I saw this in action here in Australia years ago at an AA Conference. During a break in the talks, a priest member was standing surrounded by other members in earnest conversation. I was passing by when an old-timer went right up to him pushing through the crowd of admirers.
He fronted him by saying: "Take those crosses off your shirt collar, we have no clergy in AA!" There was stunned shocked silence for a few awkward moments.
Then someone said: "Listen mate, this is Father X, you ought to be treating him with respect." The intruder replied: "We in AA call no one of us 'Father'. We don't call judges in AA 'Your Honour', and we don't wear anything that sets us apart or above anyone else. We are all equal here. Don't big note yourself with us!"
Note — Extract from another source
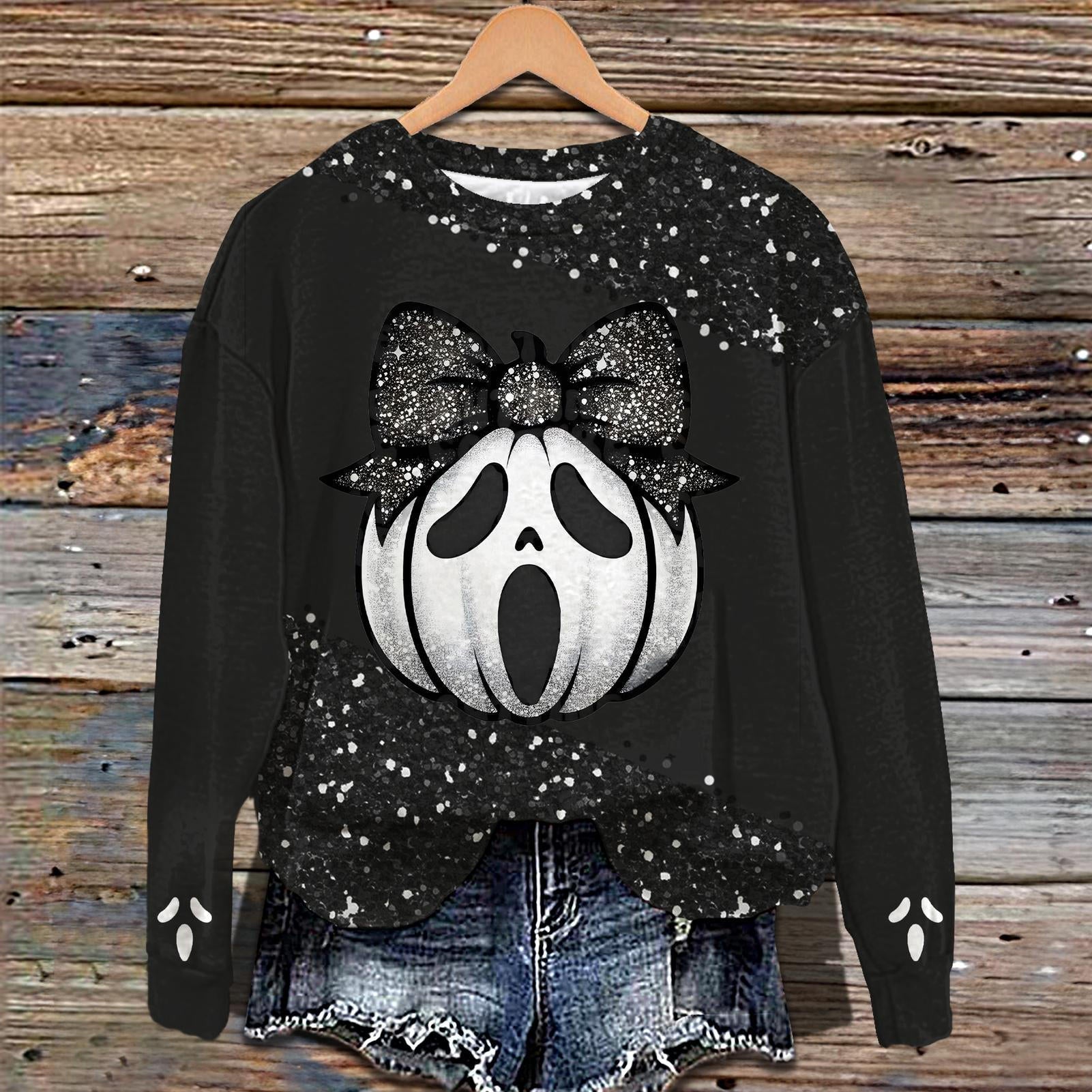 Dark Halloween Pumpkin Printed Long Sleeve Casual Top

Others were obviously getting angry with this rude member but the priest calmly said: "No, he's right" and started to take the gold crosses off of his shirt. "Just call me by my first name from now on. He's said all that so I don't forget that I'm just another AA member one drink away from being drunk just like the rest of you. Thank you sir. Now what were we talking about?"
The tradition says that we practice this tradition this for three reasons: so we can actually practice genuine humility, so we don't get too up ourselves (spoiled), and so that we can always keep our gratitude in mind. That older member and the priest both showed one aspect of the 12th tradition in action.